WORK TASK: Word for word, give the data again without its pictures.

STORED DATA:

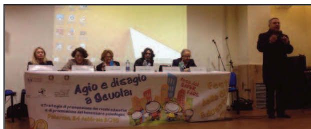
UN MOMENTO DEL CONVEGNO
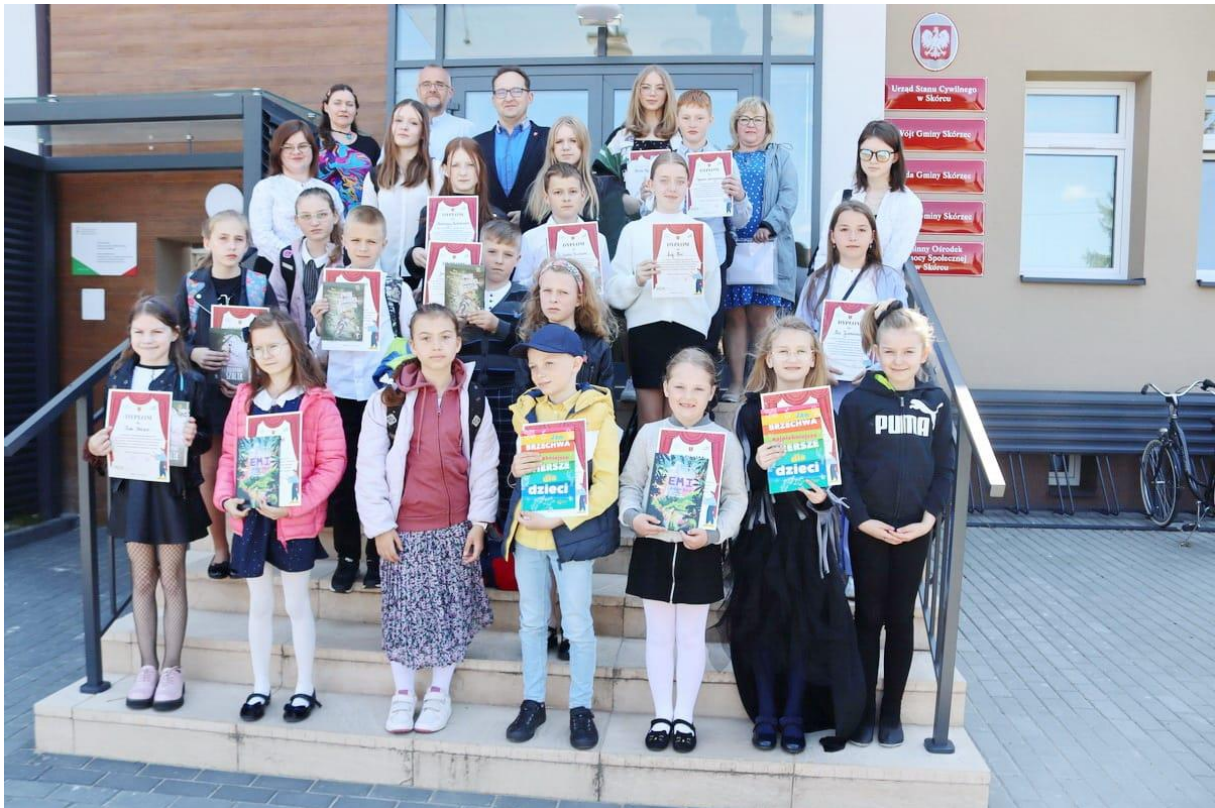
Eliminacje gminne Konkursu recytatorskiego dla dzieci im. K. Makuszyńskiego
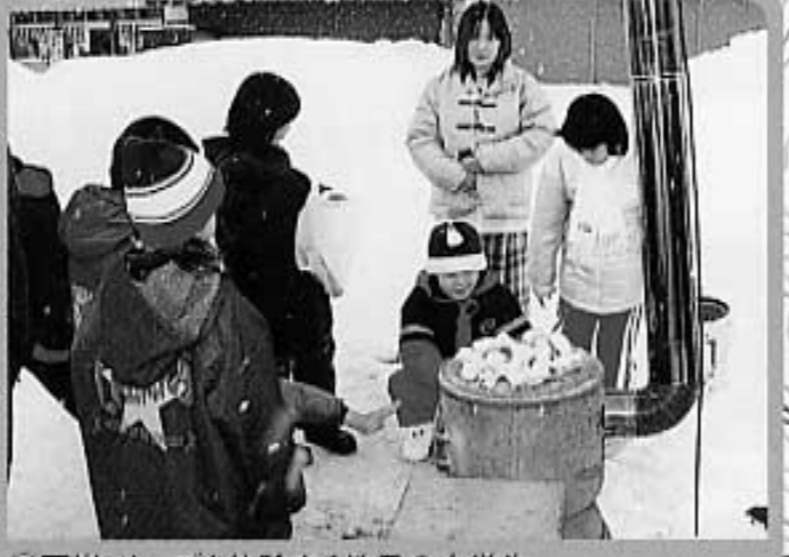
11石炭ストーブを体験する地元の小学生 石油ストーブ世代の子どもたちが生まれて初めて石炭を燃やしました(郷土館)
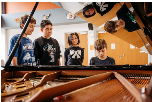
Teilnehmer bei der Musikwerkstatt 2024
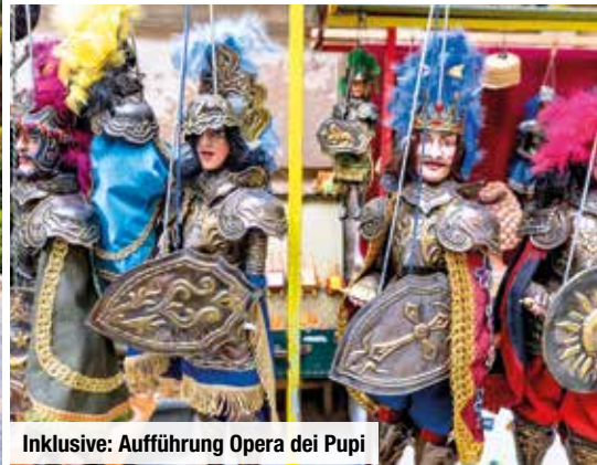
Inklusive: Aufführung Opera dei Pupi
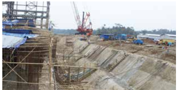
PROTEKSI MEMBRAN KOLAM WATER TREATMENT - TANGERANG
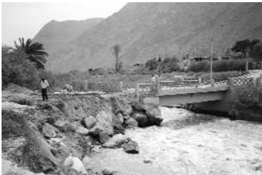
Fotografía 4 Cuenca media del río Chillón
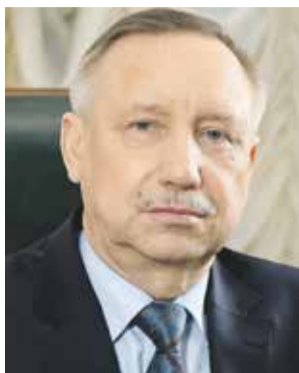
Александр БЕГЛОВ, губернатор Санкт-Петербурга
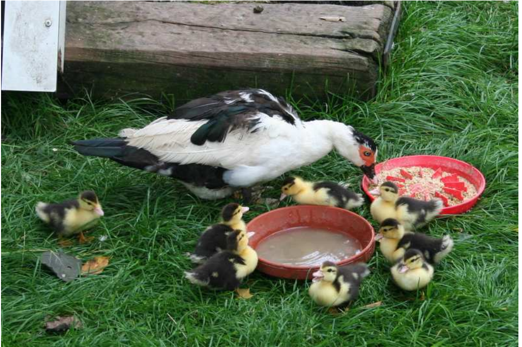
Muskuseend met jongen bij de Schuylhut in Silvolde.

VERENIGINGSBLAD VAN K.P.V. SILVOLDE EN OMSTREKEN www.kpvsilvolde.nl okt. 2013, NR 24
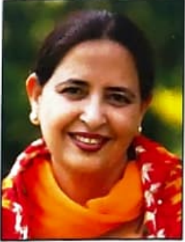
ਗਜ਼ਲਗੋ ਸੁਖਵਿੰਦਰ ਅਮ੍ਰਿਤ ਸ਼੍ਰੋਮਣੀ ਕਾਵਿ ਪੁਰਸਕਾਰ ਵਿਜੇਤਾ ਭਾਸ਼ਾ ਵਿਭਾਗ, ਪੰਜਾਬ
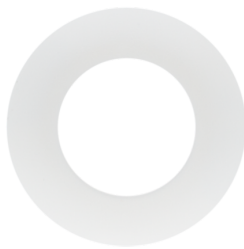
Anel de cobertura PD9 Ø 36 mm Número: 92238

Dimensões: Ø 36 mm Involucro: Policarbonato resistente aos raios UV Cor do material: antracite brilho
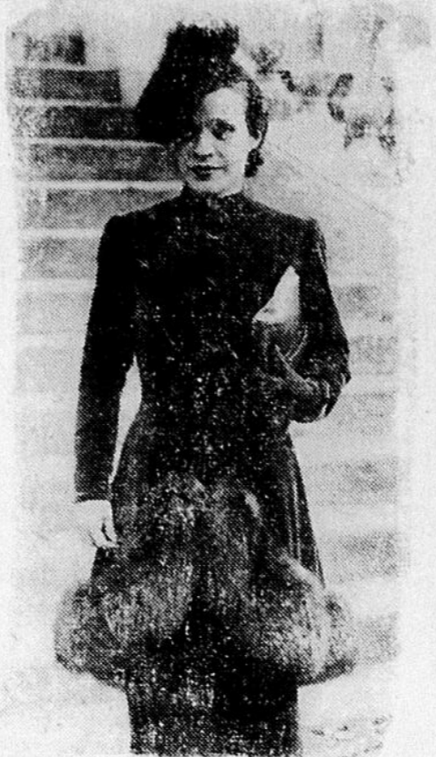
MODES D'HIVER EN FRANCE, un élégant manteau remarqué au pesage d'Auteuil.
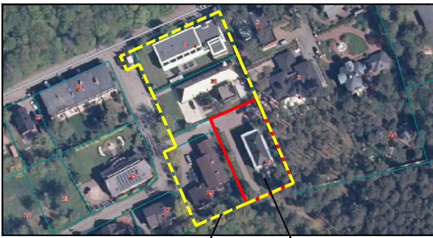
Koreguojamo DP riba
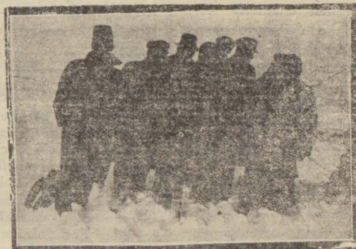
Şişliköyde alınmış bir resim: Sağda insanların ayakları altında gibi duran karaltı, karlara gömülmüş olan lokomotif. Karlar bu kadar irtifa peyda etmiştir

Yalnız, yolların çamurlu ve batacak olması, İstanbulu iyi
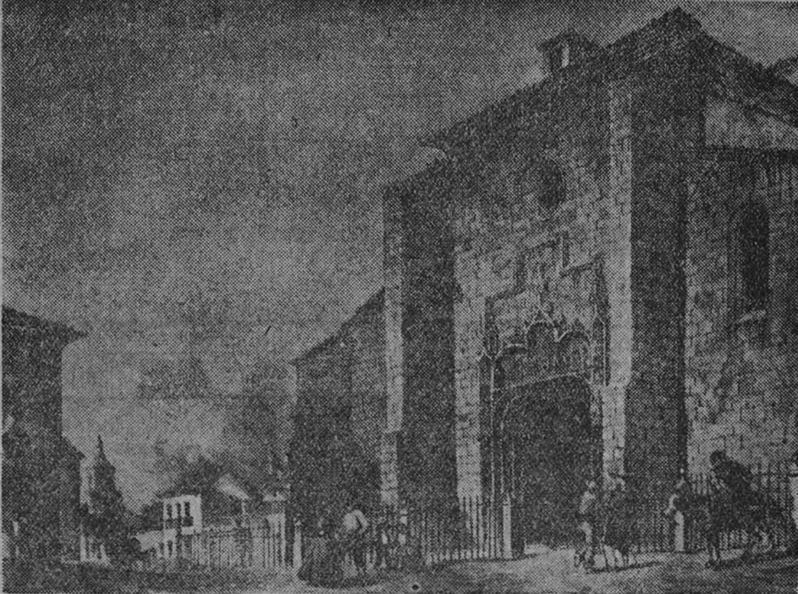
Colegiata de Santa María en Alcalá de Henares, según un grabado de la época, tal y como estaba cuando en una de sus capillas, en la d el Oidor, fué bautizado Cervantes

La capilla de San Ildefonso, en la Universidad complutense, fué fundada por Cisneros para que reposaran en ella sus restos
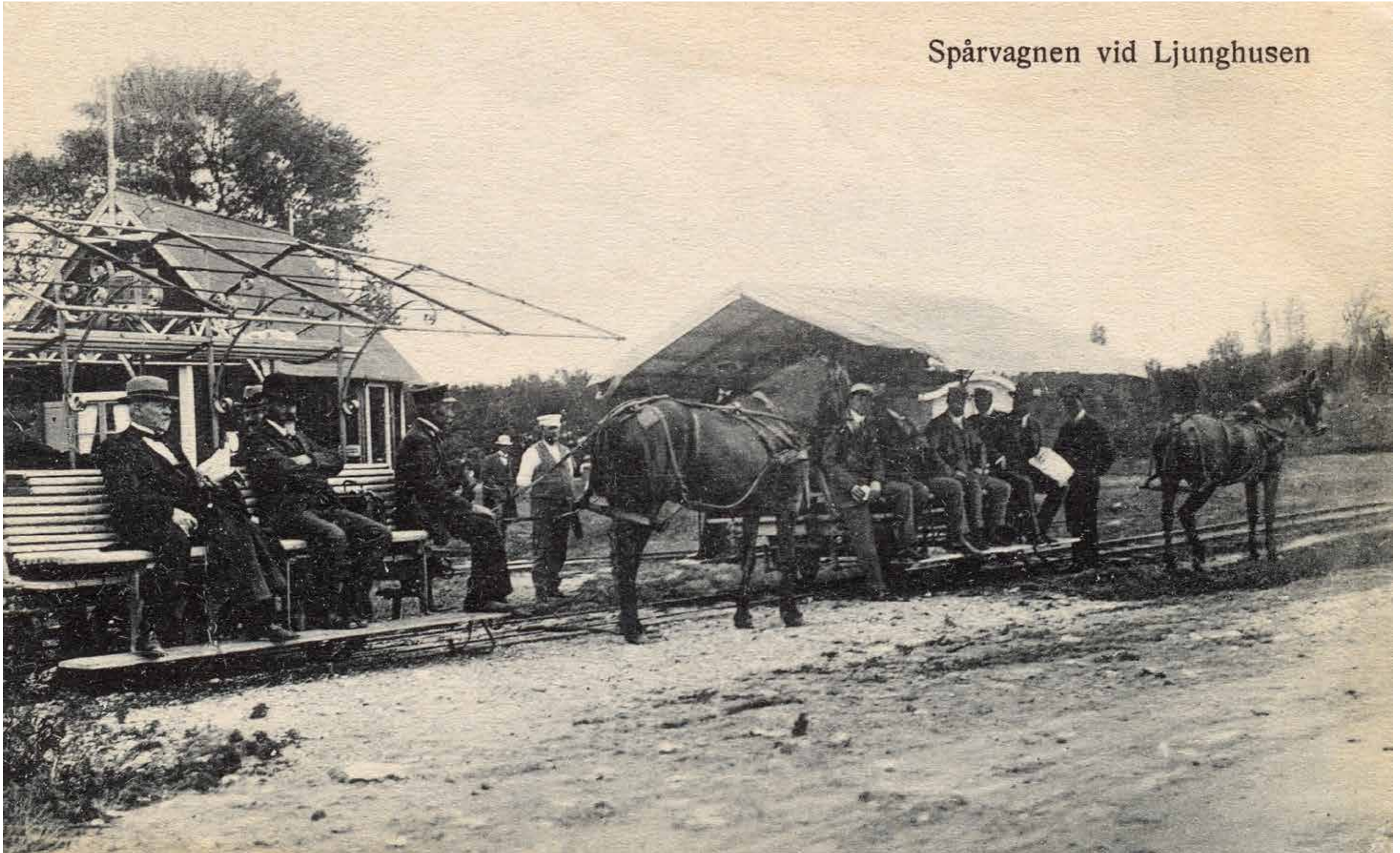
Spårvagnen vid Ljunghusens station.

WRITTEN REPLY:
UN MOMENTO DEL CONVEGNO
Eliminacje gminne Konkursu recytatorskiego dla dzieci im. K. Makuszyńskiego
11石炭ストーブを体験する地元の小学生 石油ストーブ世代の子どもたちが生まれて初めて石炭を燃やしました(郷土館)
Teilnehmer bei der Musikwerkstatt 2024
Inklusive: Aufführung Opera dei Pupi
PROTEKSI MEMBRAN KOLAM WATER TREATMENT - TANGERANG
Fotografía 4 Cuenca media del río Chillón
Александр БЕГЛОВ, губернатор Санкт-Петербурга
Muskuseend met jongen bij de Schuylhut in Silvolde.

VERENIGINGSBLAD VAN K.P.V. SILVOLDE EN OMSTREKEN www.kpvsilvolde.nl okt. 2013, NR 24
ਗਜ਼ਲਗੋ ਸੁਖਵਿੰਦਰ ਅਮ੍ਰਿਤ ਸ਼੍ਰੋਮਣੀ ਕਾਵਿ ਪੁਰਸਕਾਰ ਵਿਜੇਤਾ ਭਾਸ਼ਾ ਵਿਭਾਗ, ਪੰਜਾਬ
Anel de cobertura PD9 Ø 36 mm Número: 92238

Dimensões: Ø 36 mm Involucro: Policarbonato resistente aos raios UV Cor do material: antracite brilho
MODES D'HIVER EN FRANCE, un élégant manteau remarqué au pesage d'Auteuil.
Koreguojamo DP riba
Şişliköyde alınmış bir resim: Sağda insanların ayakları altında gibi duran karaltı, karlara gömülmüş olan lokomotif. Karlar bu kadar irtifa peyda etmiştir

Yalnız, yolların çamurlu ve batacak olması, İstanbulu iyi
Colegiata de Santa María en Alcalá de Henares, según un grabado de la época, tal y como estaba cuando en una de sus capillas, en la d el Oidor, fué bautizado Cervantes

La capilla de San Ildefonso, en la Universidad complutense, fué fundada por Cisneros para que reposaran en ella sus restos
Spårvagnen vid Ljunghusens station.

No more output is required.